PROBLEM DETAILS – Without the pictures, extract every line from the start of the material to the line containing "فيما قالت صحيفة", both ends included.

++++ DATA SEGMENT ++++

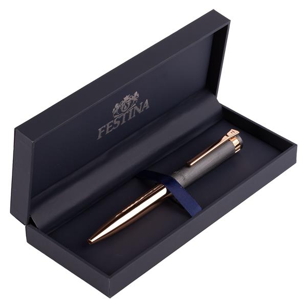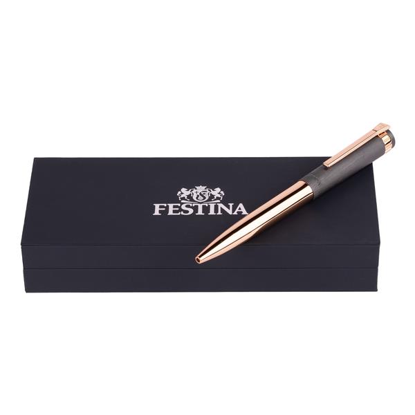 Pióro kulkowe Prestige w kolorze czarno-złotym inspirowane jest zegarkami Festina. Charakteryzuje się elegankim, minimalistycznym wykończeniem. To połączenie matowej, chromowanej nasadki i błyszczącego chromowanego korpusu i lamówek.
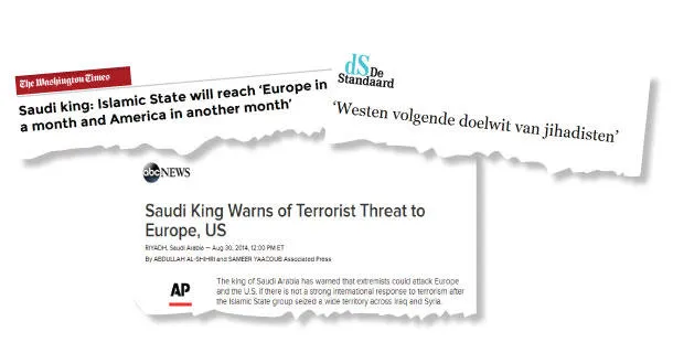فيما قالت صحيفة «فيرست وورلد» في تقرير إخباري موسع إن «الملك حذر من الإرهاب ، وإنه سيمتد إلى أوروبا وأميركا، داعيا الجميع إلى محاربته بقوة وسرعة»، وأشارت إلى قول العاهل السعودي: «أنا متأكد بعد شهر سيصلون إلى أوروبا وبعد شهر ثان إلى أميركا».
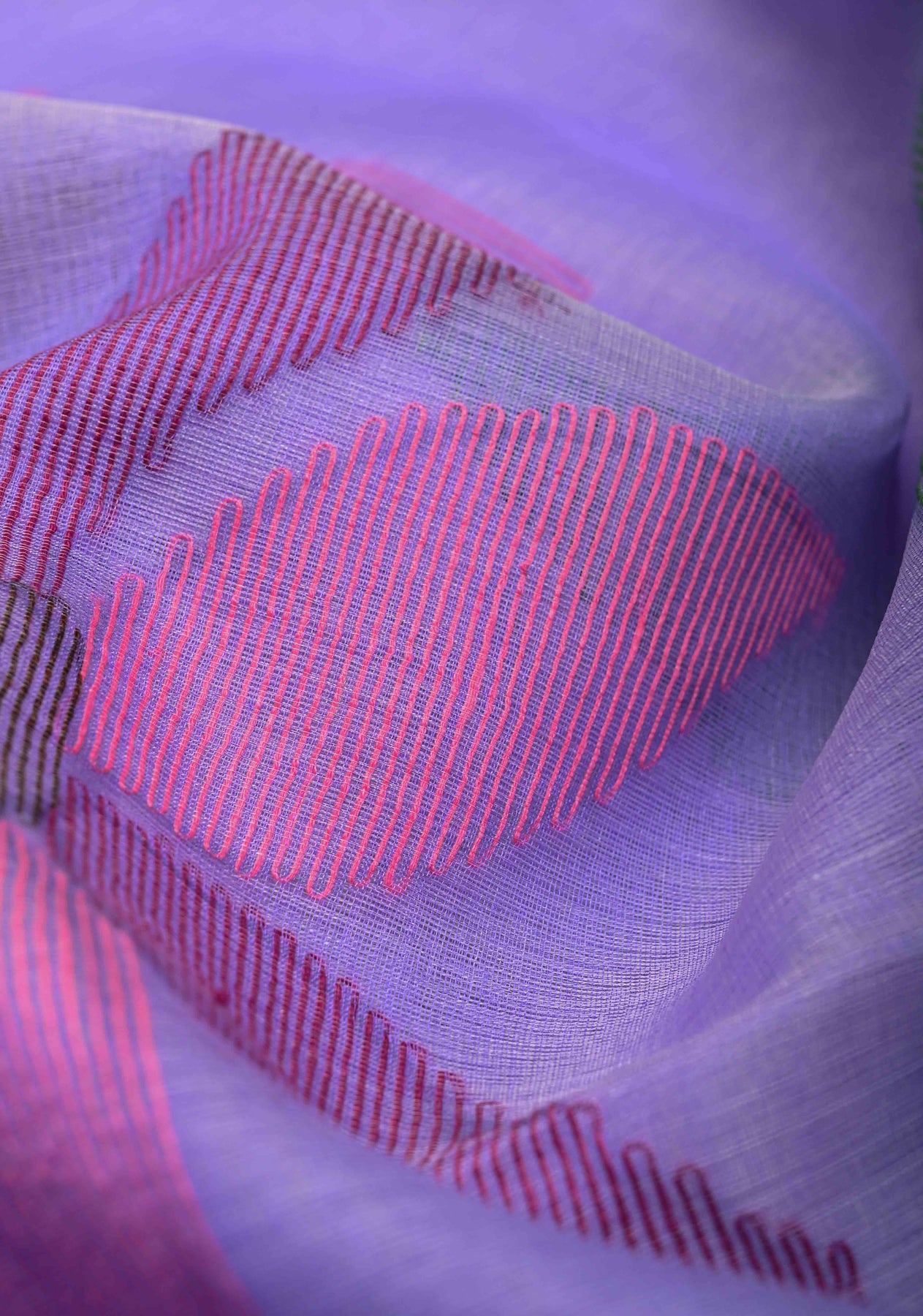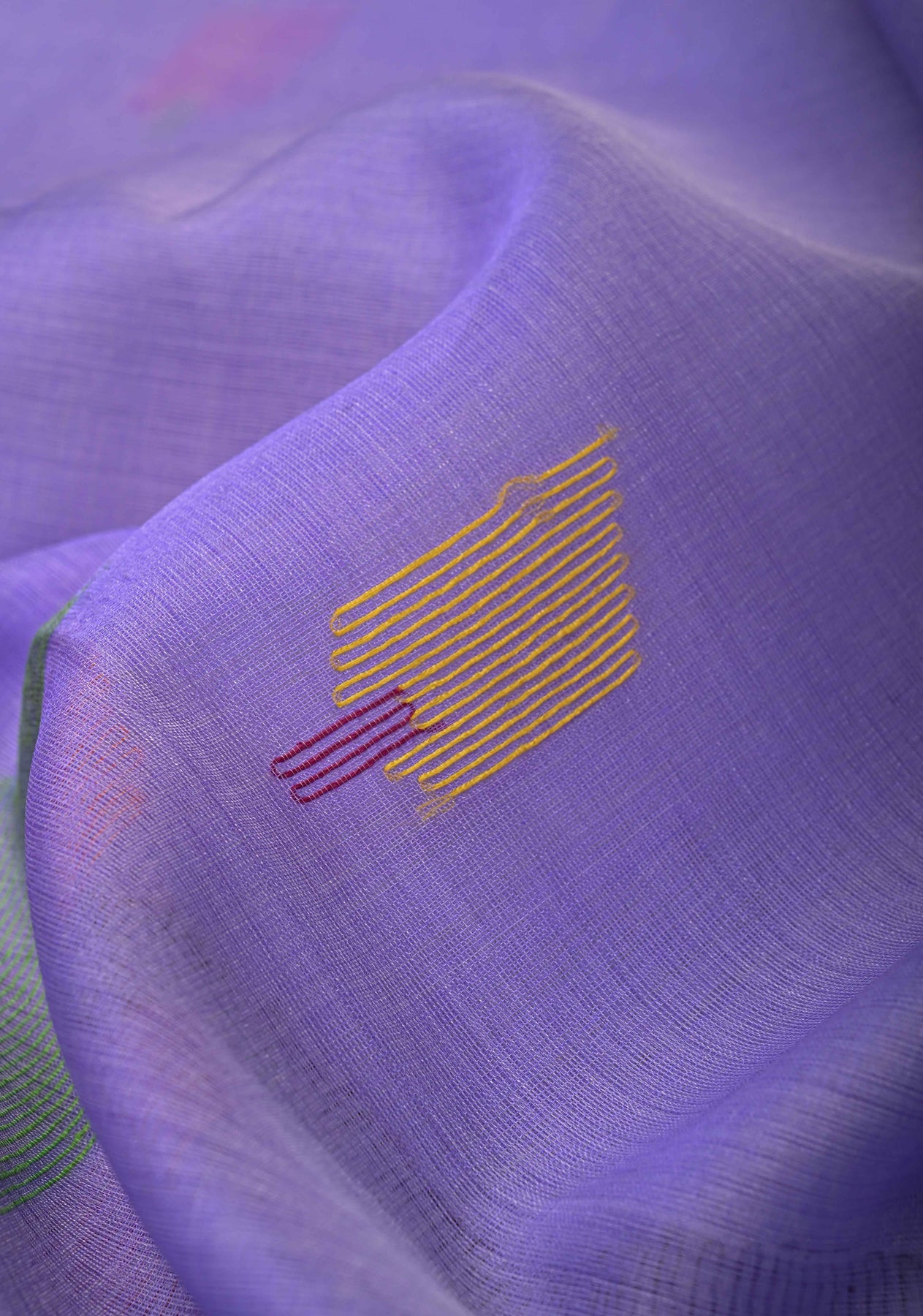 This Periwinkle Mercerized Cotton Tissue Saree beautifully combines subtle elegance with traditional craftsmanship. Woven from soft mercerized cotton with a delicate tissue finish, the saree offers a gentle sheen and a comfortable, lightweight drape. Adorned with intricate hand Jamdani work, it showcases timeless motifs that highlight artisanal skill. The minimal tissue border adds a refined, understated frame to the saree, allowing the soothing periwinkle shade and detailed craftsmanship to take center stage. Perfect for festive occasions, casual gatherings, or formal events, this saree embodies grace and versatility.

++++

REPLY –
 Pióro kulkowe Prestige w kolorze czarno-złotym inspirowane jest zegarkami Festina. Charakteryzuje się elegankim, minimalistycznym wykończeniem. To połączenie matowej, chromowanej nasadki i błyszczącego chromowanego korpusu i lamówek.
فيما قالت صحيفة «فيرست وورلد» في تقرير إخباري موسع إن «الملك حذر من الإرهاب ، وإنه سيمتد إلى أوروبا وأميركا، داعيا الجميع إلى محاربته بقوة وسرعة»، وأشارت إلى قول العاهل السعودي: «أنا متأكد بعد شهر سيصلون إلى أوروبا وبعد شهر ثان إلى أميركا».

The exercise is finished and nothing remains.